EXERCISE
Below are some records. Print exactly the lines between the one holding "Vaupan Hiking Backpack, 80L" and the one holding "Camelia Flower Soy", inclusive, and nothing else.

RECORDS SHOWN
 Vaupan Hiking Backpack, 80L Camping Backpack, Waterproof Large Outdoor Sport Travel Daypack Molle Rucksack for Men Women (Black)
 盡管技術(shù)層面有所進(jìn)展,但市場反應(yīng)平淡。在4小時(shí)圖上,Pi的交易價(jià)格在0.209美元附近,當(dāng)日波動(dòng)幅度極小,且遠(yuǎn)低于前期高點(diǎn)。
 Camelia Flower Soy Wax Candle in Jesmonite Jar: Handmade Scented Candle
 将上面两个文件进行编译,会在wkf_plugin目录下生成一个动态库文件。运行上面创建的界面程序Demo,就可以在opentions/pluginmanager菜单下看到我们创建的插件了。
==
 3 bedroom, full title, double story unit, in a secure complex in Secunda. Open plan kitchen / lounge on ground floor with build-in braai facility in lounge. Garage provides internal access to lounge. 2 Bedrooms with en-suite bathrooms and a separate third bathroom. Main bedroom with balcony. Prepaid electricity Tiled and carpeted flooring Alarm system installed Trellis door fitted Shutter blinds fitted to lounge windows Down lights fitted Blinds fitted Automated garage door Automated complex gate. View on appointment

SOLUTION TO THIS TASK
 Vaupan Hiking Backpack, 80L Camping Backpack, Waterproof Large Outdoor Sport Travel Daypack Molle Rucksack for Men Women (Black)
 盡管技術(shù)層面有所進(jìn)展,但市場反應(yīng)平淡。在4小時(shí)圖上,Pi的交易價(jià)格在0.209美元附近,當(dāng)日波動(dòng)幅度極小,且遠(yuǎn)低于前期高點(diǎn)。
 Camelia Flower Soy Wax Candle in Jesmonite Jar: Handmade Scented Candle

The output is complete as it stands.